◆ WHAT IS EXPECTED: Output only the lines that run from the one with "Este Cmap, tiene" to the final line of the material, exactly as they are written.

◆ DATA SHOWN:
/---

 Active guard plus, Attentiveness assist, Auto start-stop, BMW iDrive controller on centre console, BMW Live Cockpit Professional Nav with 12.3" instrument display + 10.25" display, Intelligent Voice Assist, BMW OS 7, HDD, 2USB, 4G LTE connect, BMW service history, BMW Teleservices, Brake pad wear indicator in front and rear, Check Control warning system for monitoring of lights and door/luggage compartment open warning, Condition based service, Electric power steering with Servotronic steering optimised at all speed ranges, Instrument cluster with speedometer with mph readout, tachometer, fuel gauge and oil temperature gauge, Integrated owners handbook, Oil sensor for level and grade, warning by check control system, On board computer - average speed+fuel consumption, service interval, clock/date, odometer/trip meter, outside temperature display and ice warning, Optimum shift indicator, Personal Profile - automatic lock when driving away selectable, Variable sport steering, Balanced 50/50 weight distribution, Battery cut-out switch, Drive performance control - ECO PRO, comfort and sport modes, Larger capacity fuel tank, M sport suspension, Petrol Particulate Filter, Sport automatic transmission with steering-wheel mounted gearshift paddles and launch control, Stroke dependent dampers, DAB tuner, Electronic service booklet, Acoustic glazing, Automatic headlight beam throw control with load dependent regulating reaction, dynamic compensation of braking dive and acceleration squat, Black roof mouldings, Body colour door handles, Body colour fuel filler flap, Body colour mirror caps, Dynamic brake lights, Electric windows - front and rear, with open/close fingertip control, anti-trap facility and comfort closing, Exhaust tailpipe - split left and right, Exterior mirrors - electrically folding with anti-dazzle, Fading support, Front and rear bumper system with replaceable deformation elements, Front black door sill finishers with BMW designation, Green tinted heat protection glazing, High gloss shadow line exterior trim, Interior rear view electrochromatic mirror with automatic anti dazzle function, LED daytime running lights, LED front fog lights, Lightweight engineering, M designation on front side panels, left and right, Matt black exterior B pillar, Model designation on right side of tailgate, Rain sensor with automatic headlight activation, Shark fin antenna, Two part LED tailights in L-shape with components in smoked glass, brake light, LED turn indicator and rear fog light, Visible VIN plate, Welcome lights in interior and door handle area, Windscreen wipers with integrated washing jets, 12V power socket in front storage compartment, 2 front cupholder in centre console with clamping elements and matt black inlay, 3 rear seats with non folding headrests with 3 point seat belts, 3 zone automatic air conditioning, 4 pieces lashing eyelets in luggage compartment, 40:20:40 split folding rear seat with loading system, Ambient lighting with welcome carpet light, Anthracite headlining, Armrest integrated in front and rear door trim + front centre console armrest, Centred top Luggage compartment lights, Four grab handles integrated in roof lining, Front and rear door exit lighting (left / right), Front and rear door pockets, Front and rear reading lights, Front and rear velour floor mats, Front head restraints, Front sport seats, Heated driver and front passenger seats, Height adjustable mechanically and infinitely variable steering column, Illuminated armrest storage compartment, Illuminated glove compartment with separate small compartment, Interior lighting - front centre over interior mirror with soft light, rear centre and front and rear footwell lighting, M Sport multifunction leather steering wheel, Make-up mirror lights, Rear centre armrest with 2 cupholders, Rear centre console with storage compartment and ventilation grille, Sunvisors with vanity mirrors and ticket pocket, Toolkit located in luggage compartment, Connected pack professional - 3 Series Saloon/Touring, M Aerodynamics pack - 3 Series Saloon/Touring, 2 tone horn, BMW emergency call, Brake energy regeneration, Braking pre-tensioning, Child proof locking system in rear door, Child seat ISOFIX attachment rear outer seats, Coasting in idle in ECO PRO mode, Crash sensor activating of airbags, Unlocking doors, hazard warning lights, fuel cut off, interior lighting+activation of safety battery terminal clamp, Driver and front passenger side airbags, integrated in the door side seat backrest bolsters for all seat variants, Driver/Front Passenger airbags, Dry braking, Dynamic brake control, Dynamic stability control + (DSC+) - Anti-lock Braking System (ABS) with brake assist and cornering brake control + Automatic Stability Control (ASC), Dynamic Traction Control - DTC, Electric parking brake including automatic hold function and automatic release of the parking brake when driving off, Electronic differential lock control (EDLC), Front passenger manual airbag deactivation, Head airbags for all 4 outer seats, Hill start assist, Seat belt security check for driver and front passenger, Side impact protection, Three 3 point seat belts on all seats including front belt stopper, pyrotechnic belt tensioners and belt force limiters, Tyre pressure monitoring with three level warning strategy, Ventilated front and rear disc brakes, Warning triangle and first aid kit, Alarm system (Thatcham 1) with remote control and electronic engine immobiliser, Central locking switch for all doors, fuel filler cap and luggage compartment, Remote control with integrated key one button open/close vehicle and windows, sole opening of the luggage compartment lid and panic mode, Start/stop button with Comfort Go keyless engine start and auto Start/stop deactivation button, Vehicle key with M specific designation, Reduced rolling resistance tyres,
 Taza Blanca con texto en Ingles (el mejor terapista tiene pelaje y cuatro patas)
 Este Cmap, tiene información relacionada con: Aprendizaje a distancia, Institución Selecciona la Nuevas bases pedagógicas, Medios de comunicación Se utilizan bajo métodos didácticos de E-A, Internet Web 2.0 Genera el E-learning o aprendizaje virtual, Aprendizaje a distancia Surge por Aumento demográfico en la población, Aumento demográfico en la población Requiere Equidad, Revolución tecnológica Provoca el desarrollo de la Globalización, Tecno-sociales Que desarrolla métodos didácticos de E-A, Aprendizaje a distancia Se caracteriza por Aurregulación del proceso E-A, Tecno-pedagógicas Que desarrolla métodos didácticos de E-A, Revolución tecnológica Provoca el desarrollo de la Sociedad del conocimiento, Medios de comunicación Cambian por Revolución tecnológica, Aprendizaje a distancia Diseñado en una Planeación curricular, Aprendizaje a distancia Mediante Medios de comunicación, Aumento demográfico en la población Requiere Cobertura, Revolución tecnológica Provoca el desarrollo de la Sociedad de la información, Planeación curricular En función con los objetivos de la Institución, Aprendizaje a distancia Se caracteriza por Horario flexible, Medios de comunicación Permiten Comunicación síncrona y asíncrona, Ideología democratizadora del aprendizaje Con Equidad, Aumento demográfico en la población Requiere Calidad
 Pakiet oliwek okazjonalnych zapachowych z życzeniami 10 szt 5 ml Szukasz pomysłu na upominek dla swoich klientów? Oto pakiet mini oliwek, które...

\---

◆ ANSWER TO THIS EXERCISE:
 Este Cmap, tiene información relacionada con: Aprendizaje a distancia, Institución Selecciona la Nuevas bases pedagógicas, Medios de comunicación Se utilizan bajo métodos didácticos de E-A, Internet Web 2.0 Genera el E-learning o aprendizaje virtual, Aprendizaje a distancia Surge por Aumento demográfico en la población, Aumento demográfico en la población Requiere Equidad, Revolución tecnológica Provoca el desarrollo de la Globalización, Tecno-sociales Que desarrolla métodos didácticos de E-A, Aprendizaje a distancia Se caracteriza por Aurregulación del proceso E-A, Tecno-pedagógicas Que desarrolla métodos didácticos de E-A, Revolución tecnológica Provoca el desarrollo de la Sociedad del conocimiento, Medios de comunicación Cambian por Revolución tecnológica, Aprendizaje a distancia Diseñado en una Planeación curricular, Aprendizaje a distancia Mediante Medios de comunicación, Aumento demográfico en la población Requiere Cobertura, Revolución tecnológica Provoca el desarrollo de la Sociedad de la información, Planeación curricular En función con los objetivos de la Institución, Aprendizaje a distancia Se caracteriza por Horario flexible, Medios de comunicación Permiten Comunicación síncrona y asíncrona, Ideología democratizadora del aprendizaje Con Equidad, Aumento demográfico en la población Requiere Calidad
 Pakiet oliwek okazjonalnych zapachowych z życzeniami 10 szt 5 ml Szukasz pomysłu na upominek dla swoich klientów? Oto pakiet mini oliwek, które...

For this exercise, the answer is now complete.